Re: Question on opening file info from namenode in DFSClient

Posted by stack <st...@duboce.net>.

Taeho Kang wrote:
> Hi, thanks for your reply Dhruba,
>
> One of my co-workers is writing a BigTable-like application that could be
> used for online, near-real-time, services. 
Can your co-worker be convinced to instead spend his time helping-along 
the ongoing bigtable-like efforts?
> I think HBase developers would have run into similar issues as well.
>   
In hbase, we open the file once and keep it open.  File is shared 
amongst all clients.

St.Ack

Re: Question on opening file info from namenode in DFSClient

Posted by Taeho Kang <tk...@gmail.com>.

Hi, thanks for your reply Dhruba,

One of my co-workers is writing a BigTable-like application that could be
used for online, near-real-time, services.
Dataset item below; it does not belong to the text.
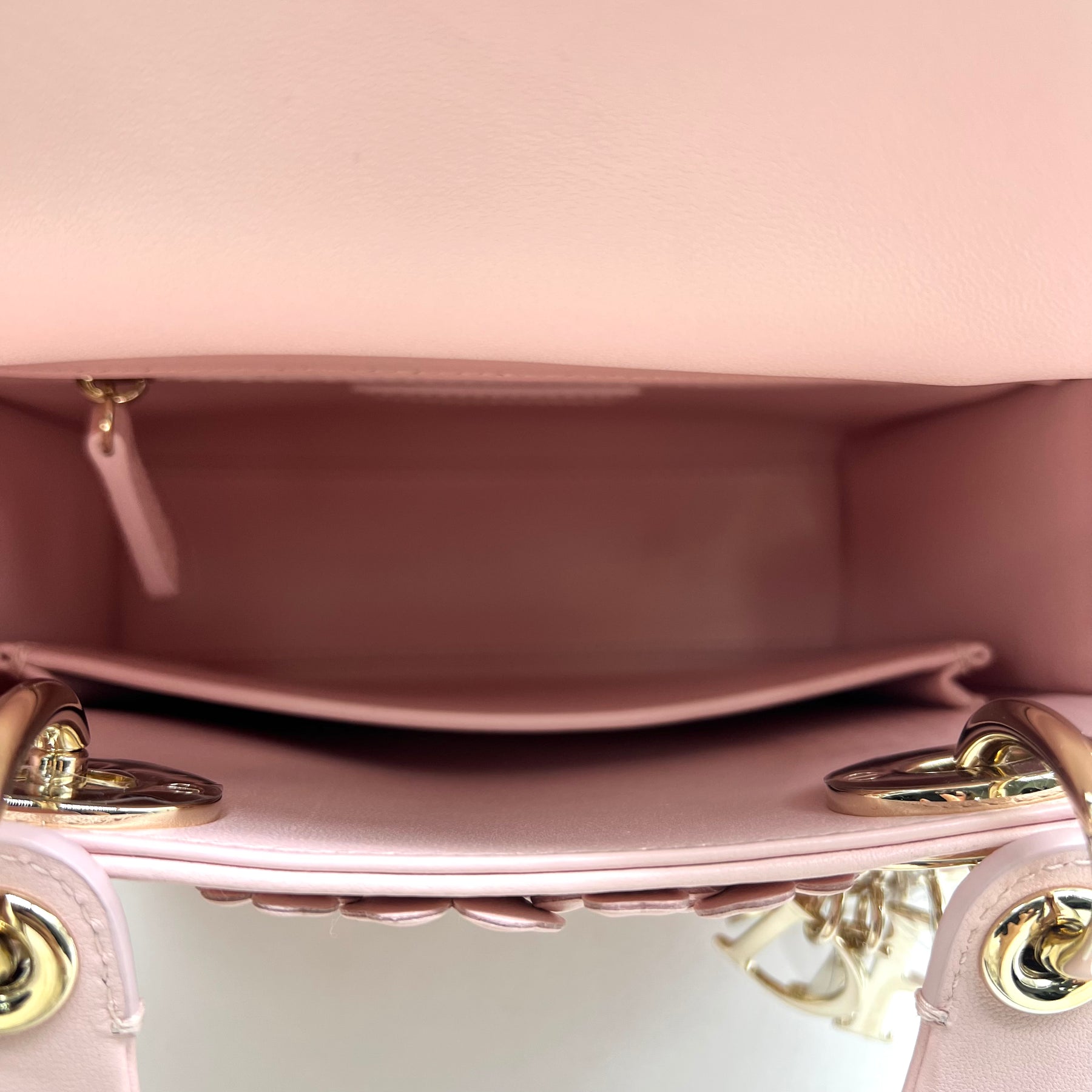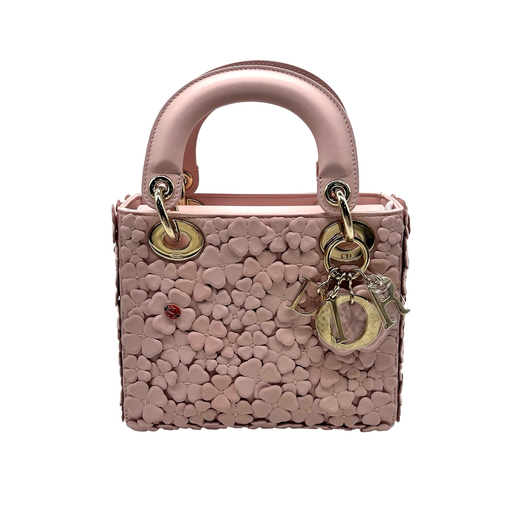 Bolsa Lady Dior, tamaño mini, de la colección Spring Summer 2026 en colaboración con Jonathan Anderson, en piel color Rose Soupir con bordado en motivo "Dior Clover Allover", herrajes en dorado, mariquita decorativa al frente, dos asas de mano y strap al hombro removible. Nueva.

So since the application could be
hooked into online services, there would times when a large number of users
(e.g. 1000 users) request to access few files in a very short time.
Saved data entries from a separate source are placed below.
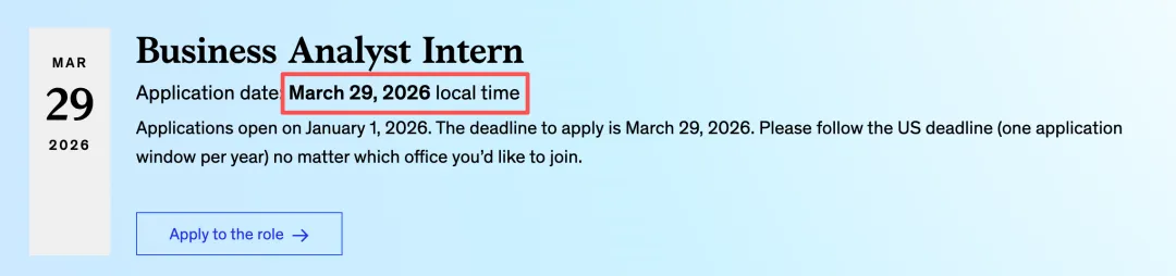 这一截止日期的关键作用在于:Mckinsey计划在2026年夏季到来前,确定2027年暑期实习生的主要人选。这也意味着,当你大二下学期才刚刚开启,大三暑期实习的关键申请阶段就已接近尾声。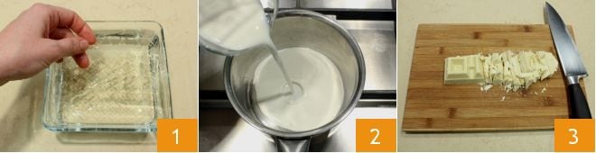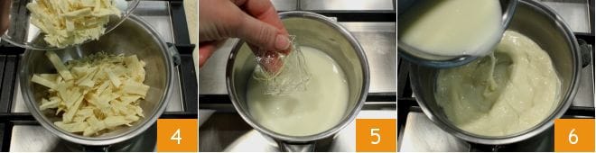 und schmelzen Sie sie im Wasserbad 4. Wenn die Sahne und die Milch heiß sind, gießen und drücken Sie die Gelatineblätter sorgfältig aus und lösen Sie sie darin auf 5, indem Sie mit einem Schneebesen rühren, um Klumpen zu vermeiden. Schalten Sie die Hitze aus und lassen Sie es abkühlen; erst dann können Sie diese Flüssigkeit, in der Sie die Gelatine aufgelöst haben, über die mittlerweile geschmolzene weiße Schokolade gießen 6;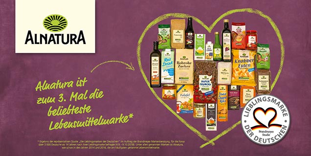 Wir haben die Lieblingsmarke der Deutschen! Sinnvoll für Mensch und Erde sind die guten Produkte von Alnatura: Bio, nachhaltig und einfach lecker noch dazu!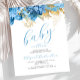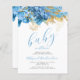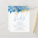 Este doce convite para chás de fraldas apresenta uma borda superior de flores azuis e douradas e folhagem. Abaixo, as palavras "baby in bloom" aparecem no elegante guião azul de escrita manual. Personalize o texto com o nome da futura mãe em um script azul e os detalhes em fontes serif de cinzas de carvão em um fundo branco.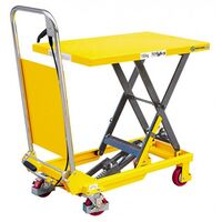 Основные характеристики г/п, т: 0,35 Платформа, мм: 900х510 ф колес, мм: 127 Н подъема, мм: 1300 H подхвата, мм: 350 Масса, кг: 105...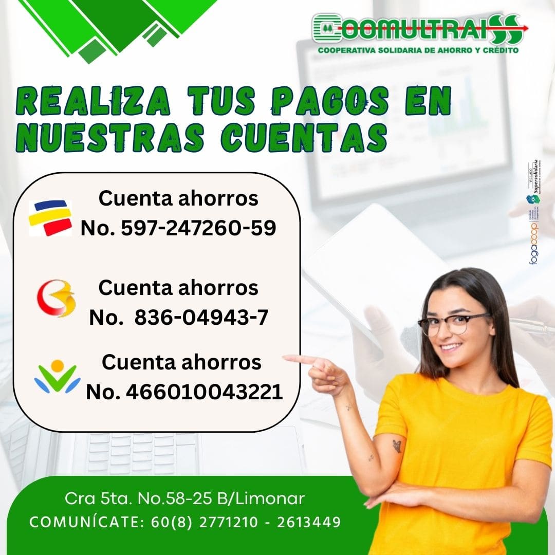 Actualmente contamos con tres convenios bancarios: Bancolombia, Banco agrario y Banco de Bogotá. En nuestra página tienes acceso para consultar los números de cuenta.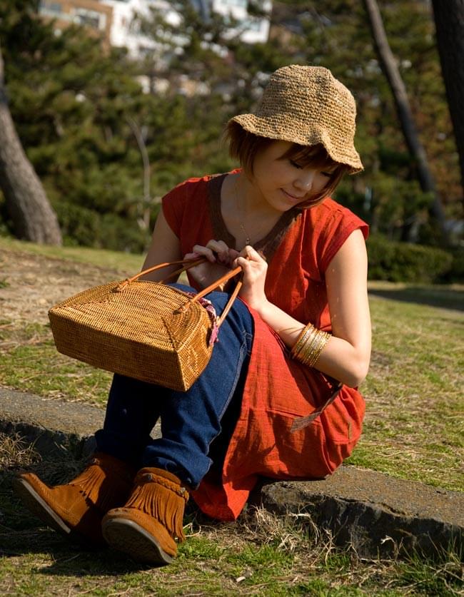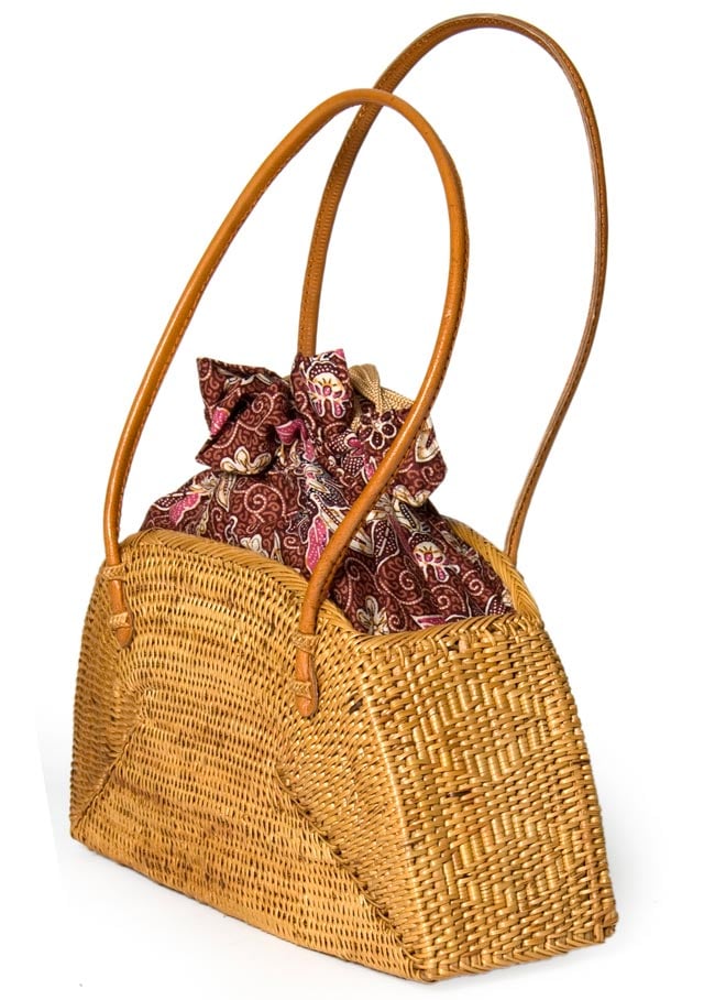 ハンドメイドのぬくもりを感じる、中くらいサイズのアタバッグです。大自然豊かな、インドネシアのバリ島からやってきました。

Of course, in a batch process job, this is a rare case, but for online
services, it's quite a common case.
I think HBase developers would have run into similar issues as well.

Is this enough explanation?

Thanks in advance,

Taeho



On Tue, Nov 4, 2008 at 3:12 AM, Dhruba Borthakur <dh...@gmail.com> wrote:

> In the current code, details about block locations of a file are
> cached on the client when the file is opened. This cache remains with
> the client until the file is closed. If the same file is re-opened by
> the same DFSClient, it re-contacts the namenode and refetches the
> block locations. This works ok for most map-reduce apps because it is
> rare that the same DSClient re-opens the same file again.
>
> Can you pl explain your use-case?
>
> thanks,
> dhruba
>
>
> On Sun, Nov 2, 2008 at 10:57 PM, Taeho Kang <tk...@gmail.com> wrote:
> > Dear Hadoop Users and Developers,
> >
> > I was wondering if there's a plan to add "file info cache" in DFSClient?
> >
> > It could eliminate network travelling cost for contacting Namenode and I
> > think it would greatly improve the DFSClient's performance.
> > The code I was looking at was this
> >
> > -----------------------
> > DFSClient.java
> >
> >    /**
> >     * Grab the open-file info from namenode
> >     */
> >    synchronized void openInfo() throws IOException {
> >      /* Maybe, we could add a file info cache here! */
> >      LocatedBlocks newInfo = callGetBlockLocations(src, 0, prefetchSize);
> >      if (newInfo == null) {
> >        throw new IOException("Cannot open filename " + src);
> >      }
> >      if (locatedBlocks != null) {
> >        Iterator<LocatedBlock> oldIter =
> > locatedBlocks.getLocatedBlocks().iterator();
> >        Iterator<LocatedBlock> newIter =
> > newInfo.getLocatedBlocks().iterator();
> >        while (oldIter.hasNext() && newIter.hasNext()) {
> >          if (!
> oldIter.next().getBlock().equals(newIter.next().getBlock()))
> > {
> >            throw new IOException("Blocklist for " + src + " has
> changed!");
> >          }
> >        }
> >      }
> >      this.locatedBlocks = newInfo;
> >      this.currentNode = null;
> >    }
> > -----------------------
> >
> > Does anybody have an opinion on this matter?
> >
> > Thank you in advance,
> >
> > Taeho
> >
>

Re: Question on opening file info from namenode in DFSClient

Posted by Dhruba Borthakur <dh...@gmail.com>.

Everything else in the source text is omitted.